Required action →
What the answer must contain is every line of the records, exactly, with no pictures.

Data for this exercise →
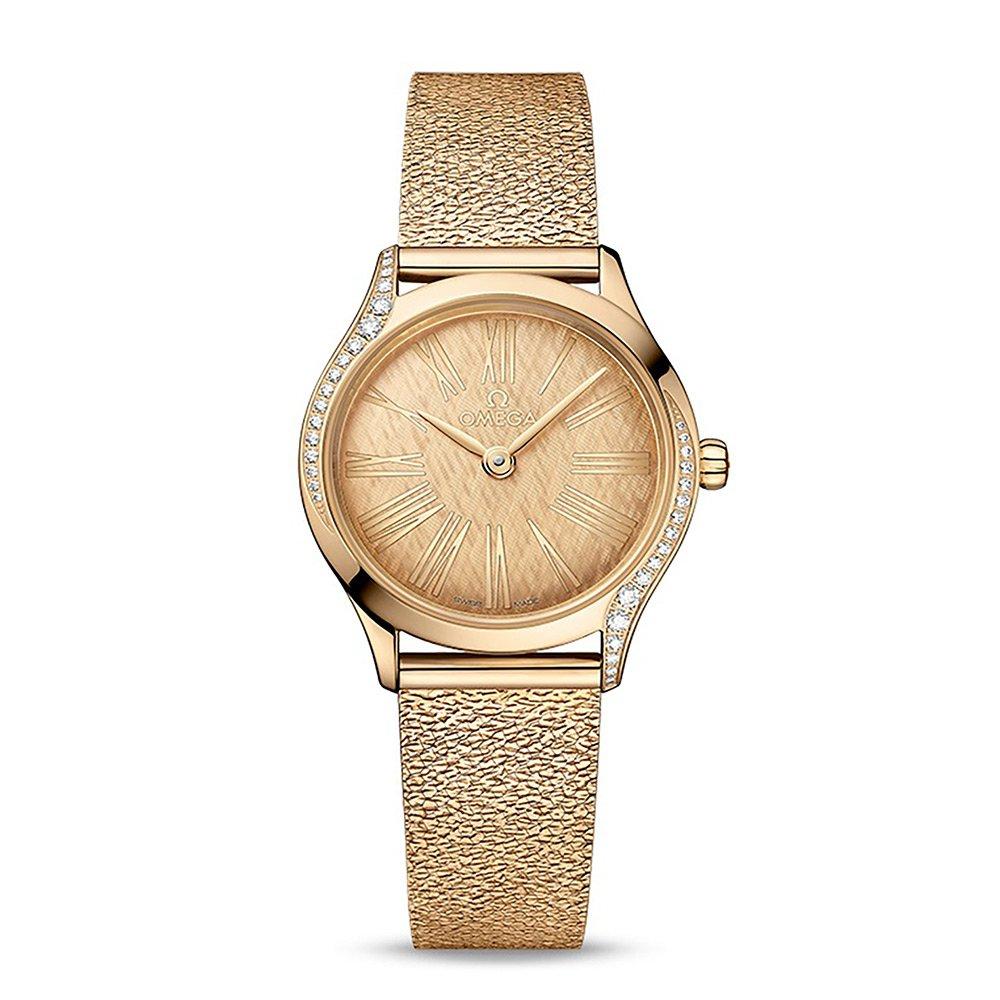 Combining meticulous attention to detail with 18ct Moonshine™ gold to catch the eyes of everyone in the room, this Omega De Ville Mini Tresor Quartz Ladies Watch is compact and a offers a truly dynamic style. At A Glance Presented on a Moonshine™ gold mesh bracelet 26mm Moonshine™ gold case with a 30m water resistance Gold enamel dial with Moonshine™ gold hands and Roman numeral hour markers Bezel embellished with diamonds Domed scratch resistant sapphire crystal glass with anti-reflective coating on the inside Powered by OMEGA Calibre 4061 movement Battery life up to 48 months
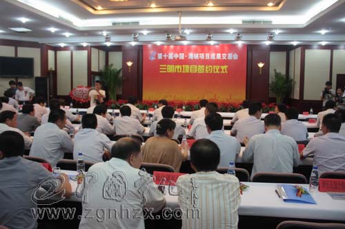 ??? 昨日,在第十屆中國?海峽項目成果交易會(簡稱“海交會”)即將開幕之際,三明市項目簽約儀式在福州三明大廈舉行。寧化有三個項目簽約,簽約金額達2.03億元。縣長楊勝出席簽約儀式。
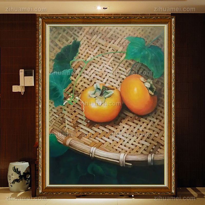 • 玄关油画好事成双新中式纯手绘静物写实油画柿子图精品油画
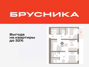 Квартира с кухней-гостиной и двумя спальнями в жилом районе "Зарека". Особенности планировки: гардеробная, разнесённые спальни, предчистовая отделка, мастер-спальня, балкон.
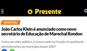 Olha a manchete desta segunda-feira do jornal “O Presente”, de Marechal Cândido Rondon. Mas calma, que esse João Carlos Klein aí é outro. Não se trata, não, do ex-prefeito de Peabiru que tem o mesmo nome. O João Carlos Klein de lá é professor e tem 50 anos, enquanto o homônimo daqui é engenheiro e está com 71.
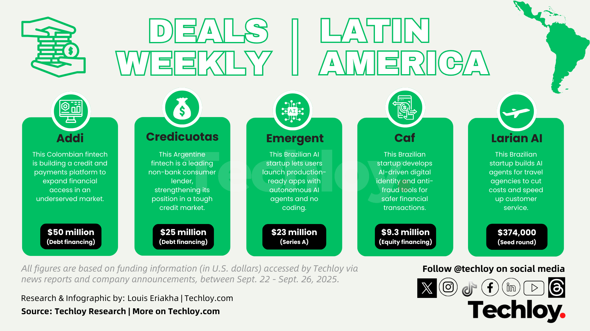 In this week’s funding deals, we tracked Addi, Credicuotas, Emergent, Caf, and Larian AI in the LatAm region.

Output →
 Combining meticulous attention to detail with 18ct Moonshine™ gold to catch the eyes of everyone in the room, this Omega De Ville Mini Tresor Quartz Ladies Watch is compact and a offers a truly dynamic style. At A Glance Presented on a Moonshine™ gold mesh bracelet 26mm Moonshine™ gold case with a 30m water resistance Gold enamel dial with Moonshine™ gold hands and Roman numeral hour markers Bezel embellished with diamonds Domed scratch resistant sapphire crystal glass with anti-reflective coating on the inside Powered by OMEGA Calibre 4061 movement Battery life up to 48 months
 ??? 昨日,在第十屆中國?海峽項目成果交易會(簡稱“海交會”)即將開幕之際,三明市項目簽約儀式在福州三明大廈舉行。寧化有三個項目簽約,簽約金額達2.03億元。縣長楊勝出席簽約儀式。
 • 玄关油画好事成双新中式纯手绘静物写实油画柿子图精品油画
 Квартира с кухней-гостиной и двумя спальнями в жилом районе "Зарека". Особенности планировки: гардеробная, разнесённые спальни, предчистовая отделка, мастер-спальня, балкон.
 Olha a manchete desta segunda-feira do jornal “O Presente”, de Marechal Cândido Rondon. Mas calma, que esse João Carlos Klein aí é outro. Não se trata, não, do ex-prefeito de Peabiru que tem o mesmo nome. O João Carlos Klein de lá é professor e tem 50 anos, enquanto o homônimo daqui é engenheiro e está com 71.
 In this week’s funding deals, we tracked Addi, Credicuotas, Emergent, Caf, and Larian AI in the LatAm region.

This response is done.